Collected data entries
==============================

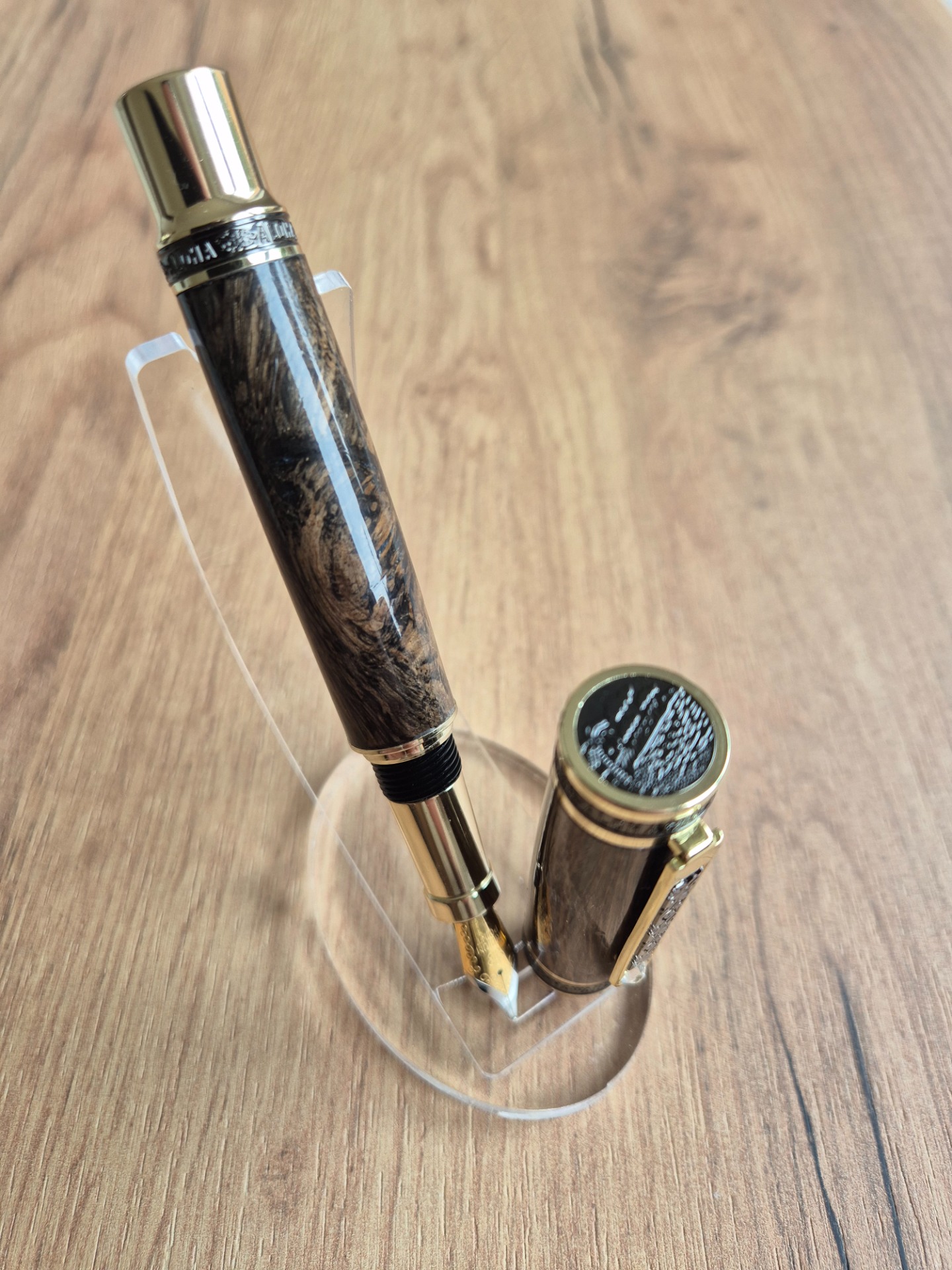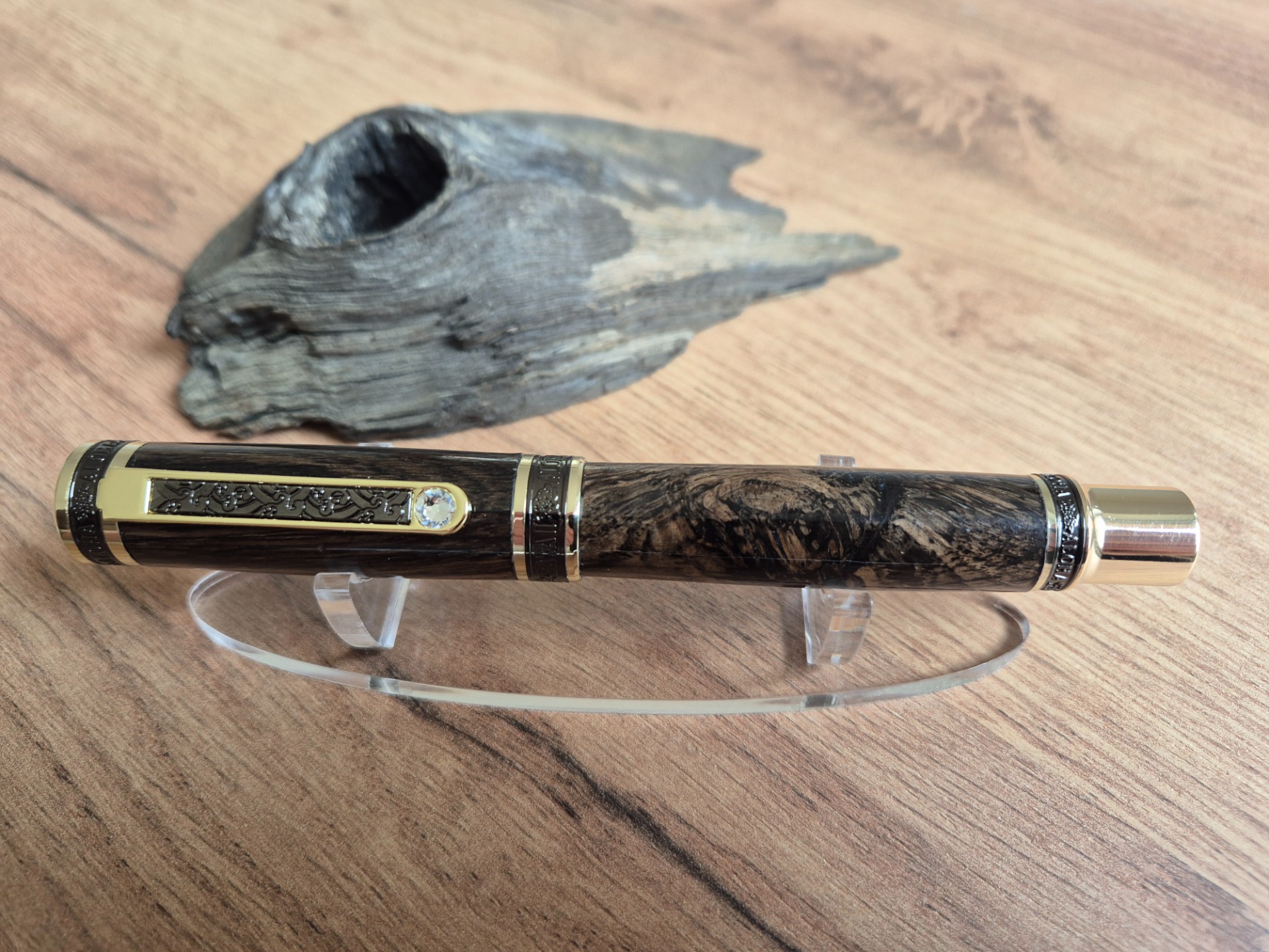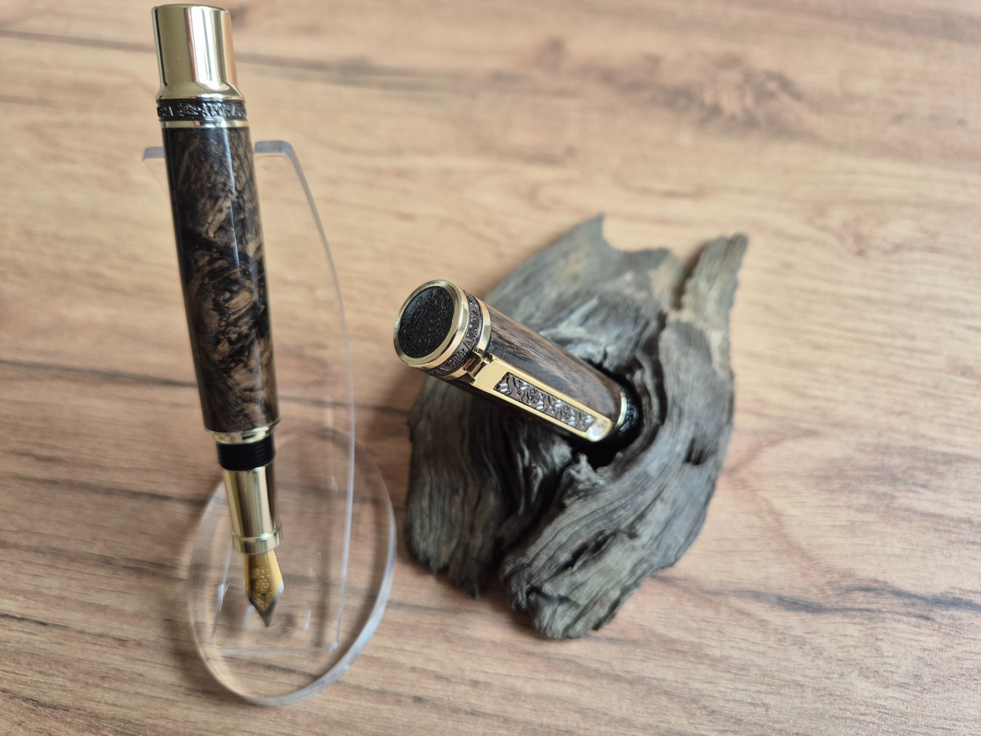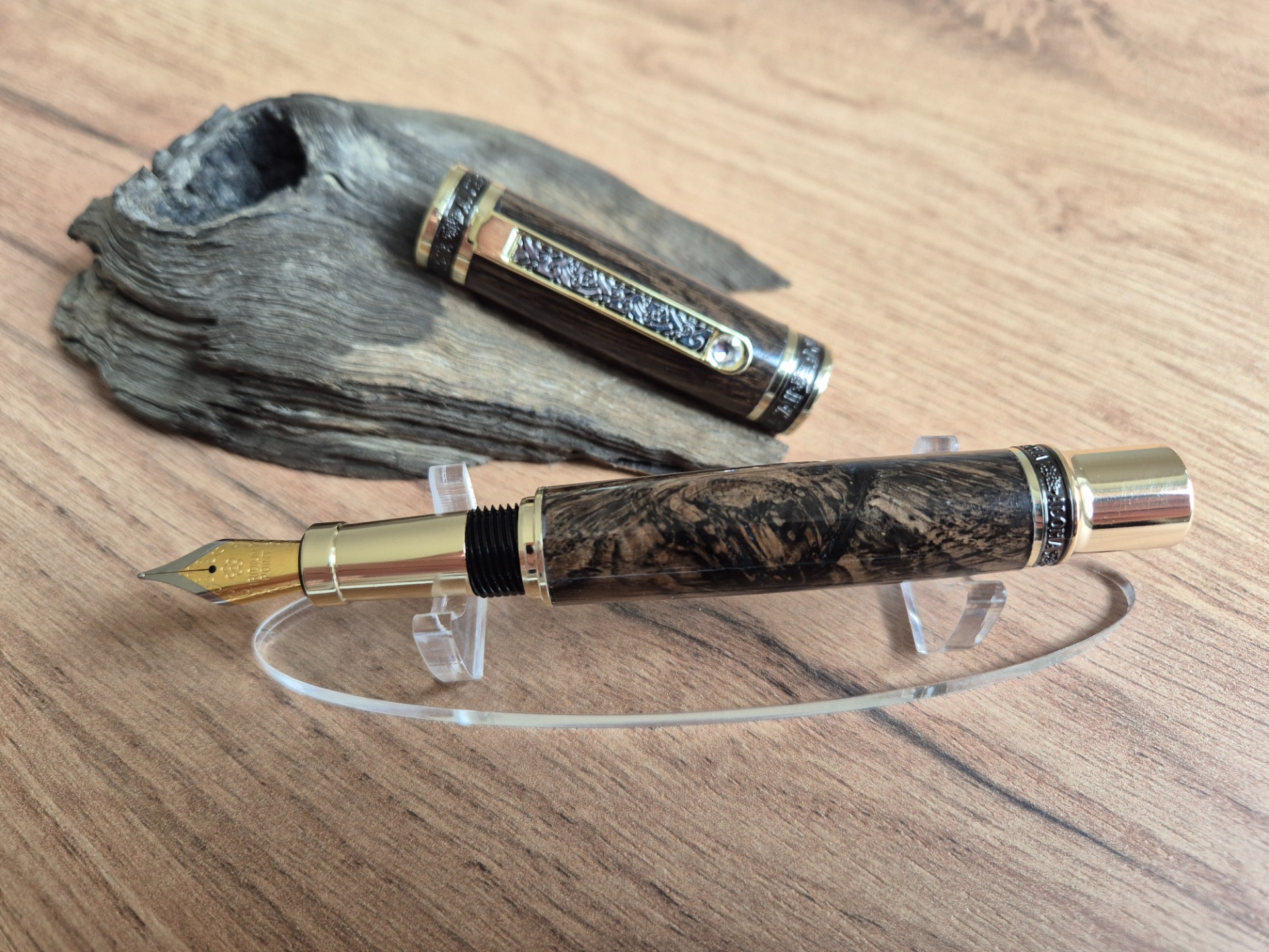 Toto luxusní plnící pero je vyrobeno ze subfosilního dubu starého přibližně 4000 let – materiálu, který byl po staletí uchován v přírodních podmínkách bez přístupu vzduchu, čímž získal svou charakteristickou tmavou kresbu, mimořádnou tvrdost a neopakovatelný vzhled. Každý kus je originál, nesoucí v sobě příběh dávných časů.
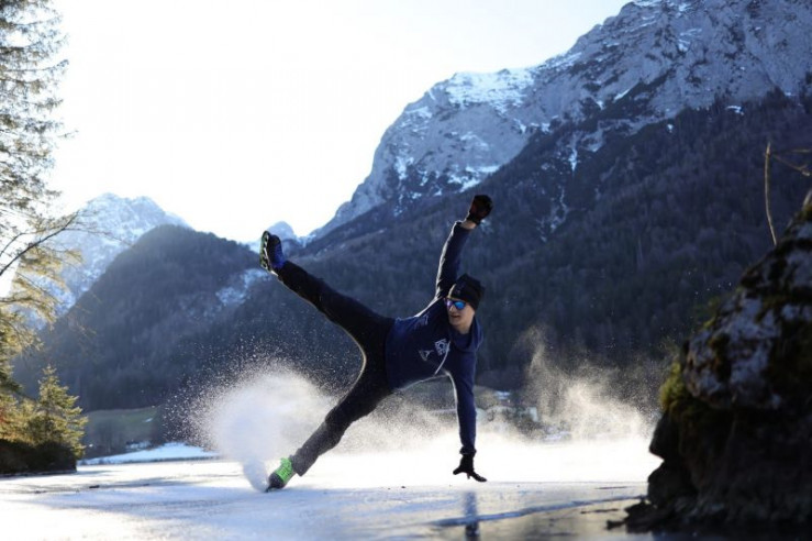In einer Mischung aus Akrobatik und Breakdance gleitet Patrick Brunold über die zugefrorene Eisfläche des Hintersees.
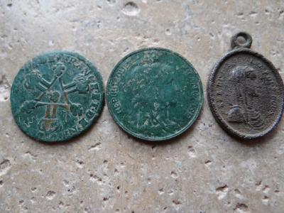 Voici mes trouvailles les plus belles de mardi.Sur la médaille 'Jesus ayez pitié de nous'(pour Lou gobi).Avec cela trois autres pièces mais trés savo.
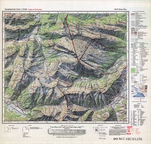 Hier finden Sie ein Meßtischblätter 1:25.000, von Deutschland, aus der Zeit der 1930er Jahre. Diese Karte wurde von Amerikanern damals bei Eisenschmidt gekauft und wurde in den USA für das amerikanische, später britische und französische Militär, bearbeitet. Überarbeitet in Form von Färbungen und Markierungen wurden diese Karten bis in die 50er Jahre.
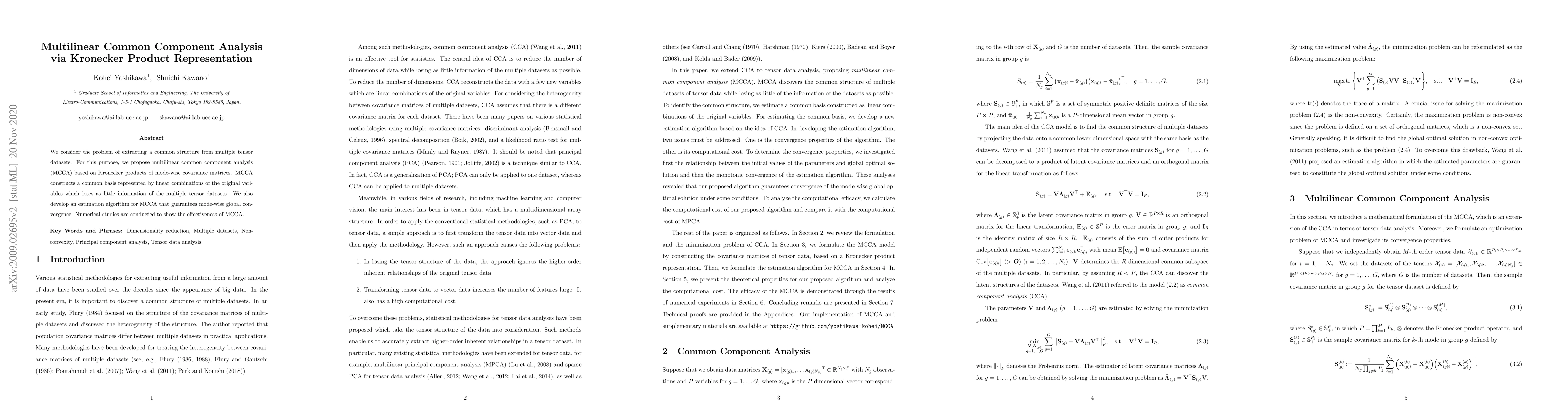 We consider the problem of extracting a common structure from multiple tensor datasets. For this purpose, we propose multilinear common component analysis (MCCA) based on Kronecker products of mode-wise covariance matrices. MCCA constructs a common basis represented by linear combinations of the original variables which loses as little information of the multiple tensor datasets. We also develop an estimation algorithm for MCCA that guarantees mode-wise global convergence. Numerical studies are conducted to show the effectiveness of MCCA.
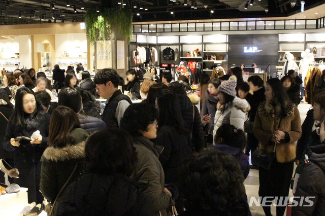 【서울=뉴시스】표주연 기자 = 최악의 미세먼지가 한반도를 덮고 있는 가운데 야외나들이 대신 복합쇼핑몰을 찾는 시민들이 늘고 있다.
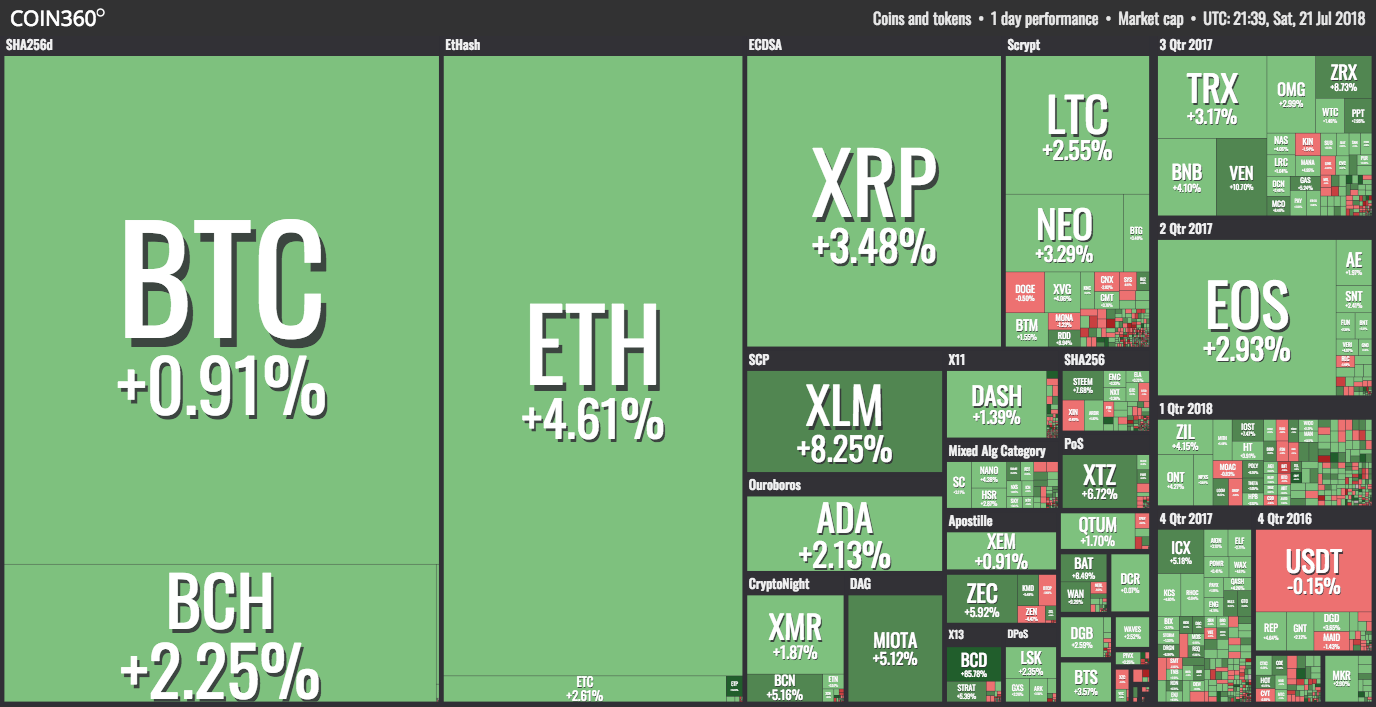crypot markets are seeing mostly green today july 21, continuing the momentum of this weeeks upswing the top ten allcoins are solidly regaining today up as much 8p percent accordig to coin360 with bitcoin (BTC) only slightly in the green hovering near yesterday s levels.
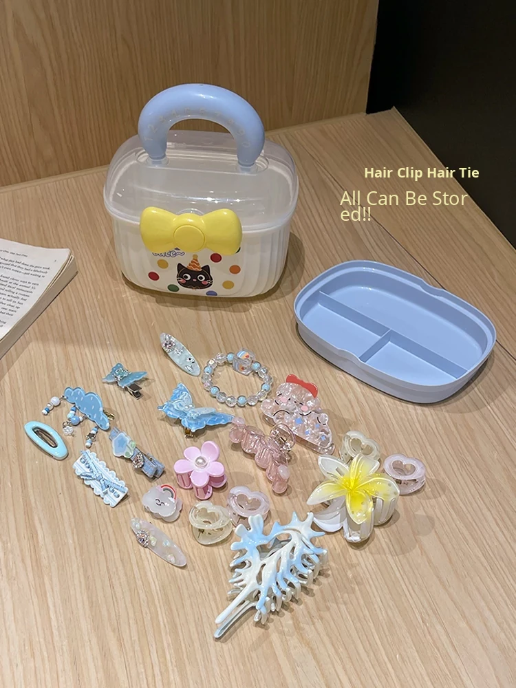 Dopamine Kids Hair Accessory Box - Stylish Double-Layer Desktop and Portable Storage for Girls' Hair Ties, Clips, Headbands, and Jewelry - Spacious and Organized!

==============================

Task to complete:
The copy must start at the line containing "crypot markets are" and end at the last line of the records, matching each line exactly and holding no pictures.

Solution for this exercise:
crypot markets are seeing mostly green today july 21, continuing the momentum of this weeeks upswing the top ten allcoins are solidly regaining today up as much 8p percent accordig to coin360 with bitcoin (BTC) only slightly in the green hovering near yesterday s levels.
 Dopamine Kids Hair Accessory Box - Stylish Double-Layer Desktop and Portable Storage for Girls' Hair Ties, Clips, Headbands, and Jewelry - Spacious and Organized!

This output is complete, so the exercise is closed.